**Task description:** Give a verbatim copy of the lines below, minus the pictures.

**** Collected data

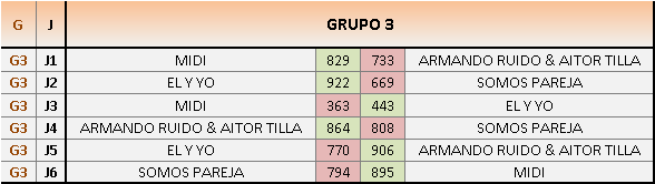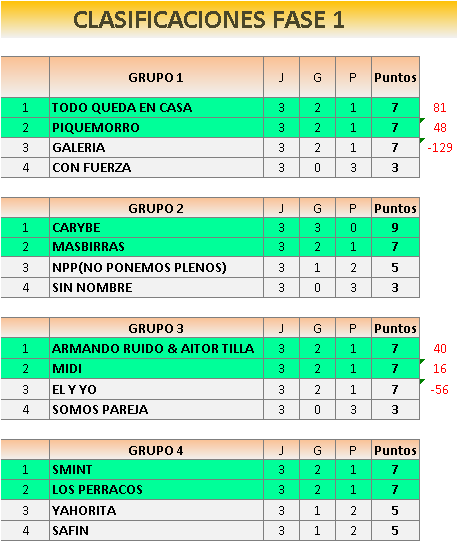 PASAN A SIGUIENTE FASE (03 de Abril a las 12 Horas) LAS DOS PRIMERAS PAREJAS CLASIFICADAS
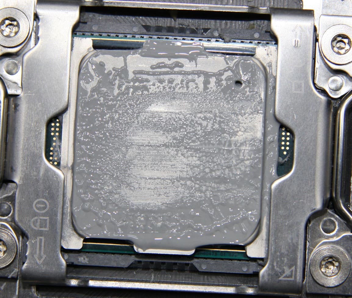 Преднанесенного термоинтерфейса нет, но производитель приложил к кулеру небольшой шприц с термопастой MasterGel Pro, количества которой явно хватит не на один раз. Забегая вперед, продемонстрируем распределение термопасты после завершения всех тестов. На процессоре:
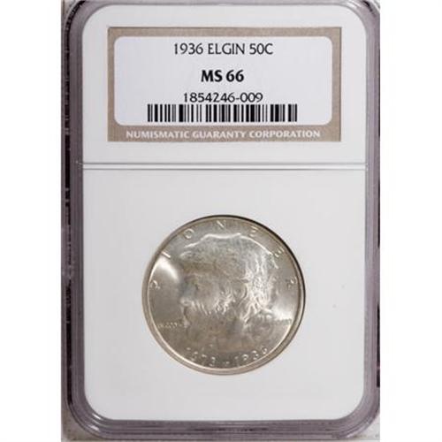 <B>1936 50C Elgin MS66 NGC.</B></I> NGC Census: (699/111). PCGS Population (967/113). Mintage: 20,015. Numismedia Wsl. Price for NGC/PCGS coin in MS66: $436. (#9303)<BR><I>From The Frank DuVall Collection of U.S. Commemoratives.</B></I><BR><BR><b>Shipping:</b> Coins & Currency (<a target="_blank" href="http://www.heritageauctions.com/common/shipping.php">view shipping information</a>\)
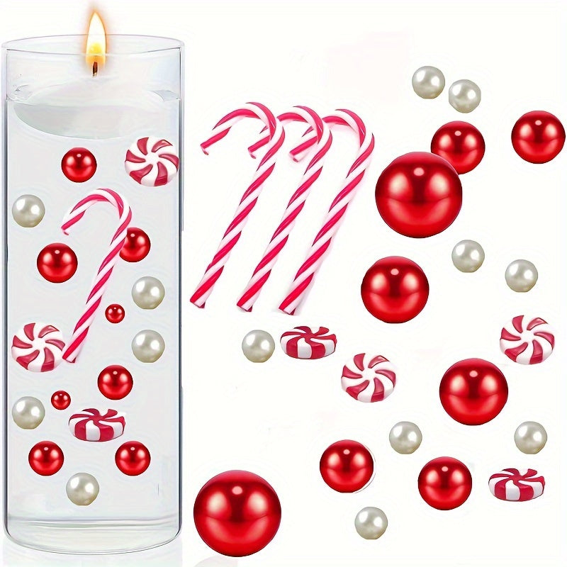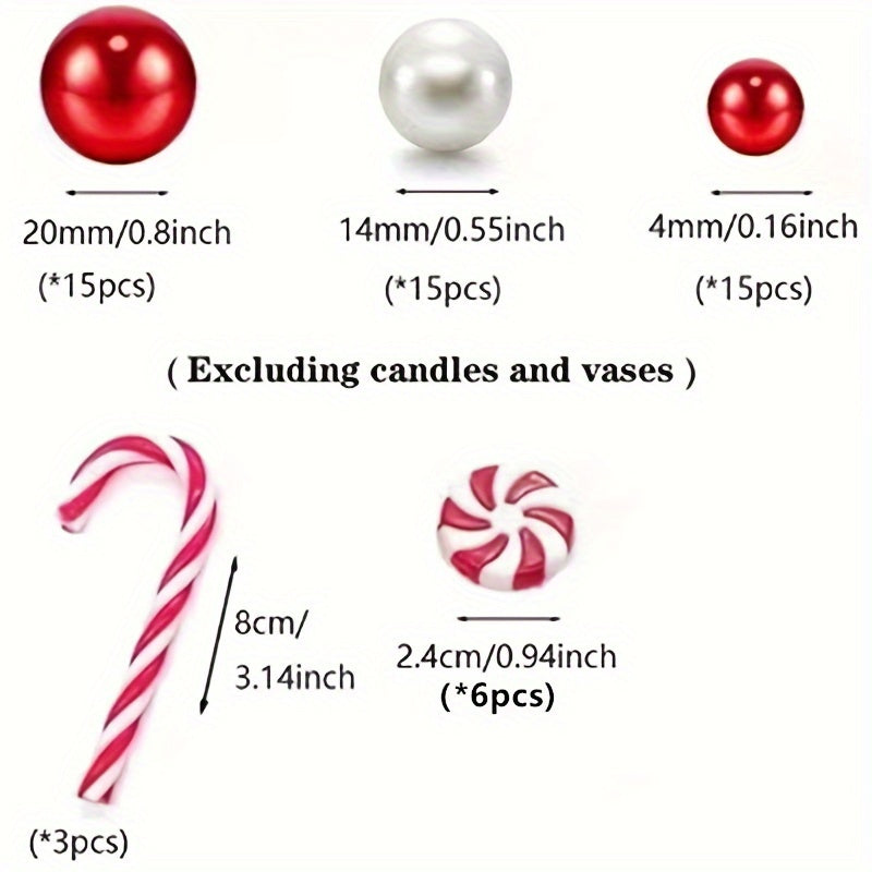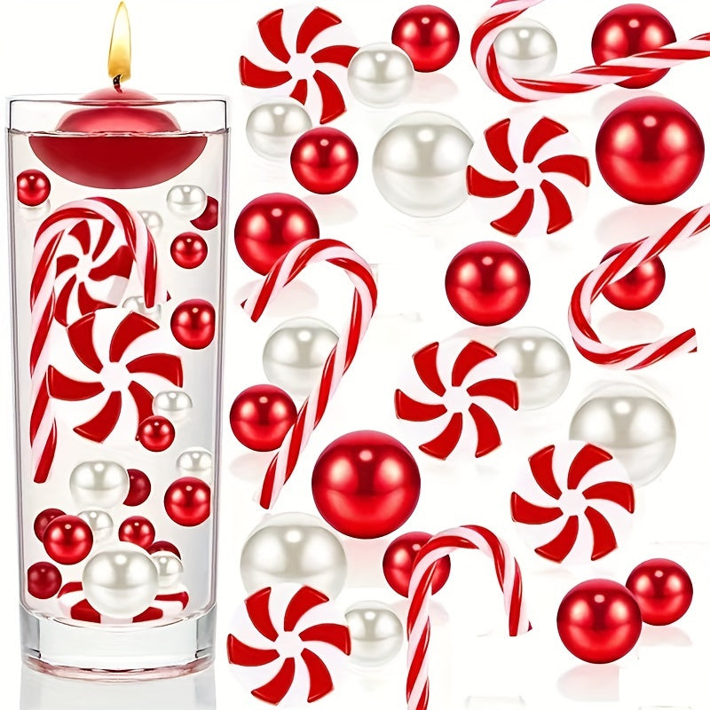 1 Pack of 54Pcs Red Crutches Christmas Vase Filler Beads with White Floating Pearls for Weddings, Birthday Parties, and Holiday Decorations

********

**Result below:**
 PASAN A SIGUIENTE FASE (03 de Abril a las 12 Horas) LAS DOS PRIMERAS PAREJAS CLASIFICADAS
 Преднанесенного термоинтерфейса нет, но производитель приложил к кулеру небольшой шприц с термопастой MasterGel Pro, количества которой явно хватит не на один раз. Забегая вперед, продемонстрируем распределение термопасты после завершения всех тестов. На процессоре:
 <B>1936 50C Elgin MS66 NGC.</B></I> NGC Census: (699/111). PCGS Population (967/113). Mintage: 20,015. Numismedia Wsl. Price for NGC/PCGS coin in MS66: $436. (#9303)<BR><I>From The Frank DuVall Collection of U.S. Commemoratives.</B></I><BR><BR><b>Shipping:</b> Coins & Currency (<a target="_blank" href="http://www.heritageauctions.com/common/shipping.php">view shipping information</a>\)
 1 Pack of 54Pcs Red Crutches Christmas Vase Filler Beads with White Floating Pearls for Weddings, Birthday Parties, and Holiday Decorations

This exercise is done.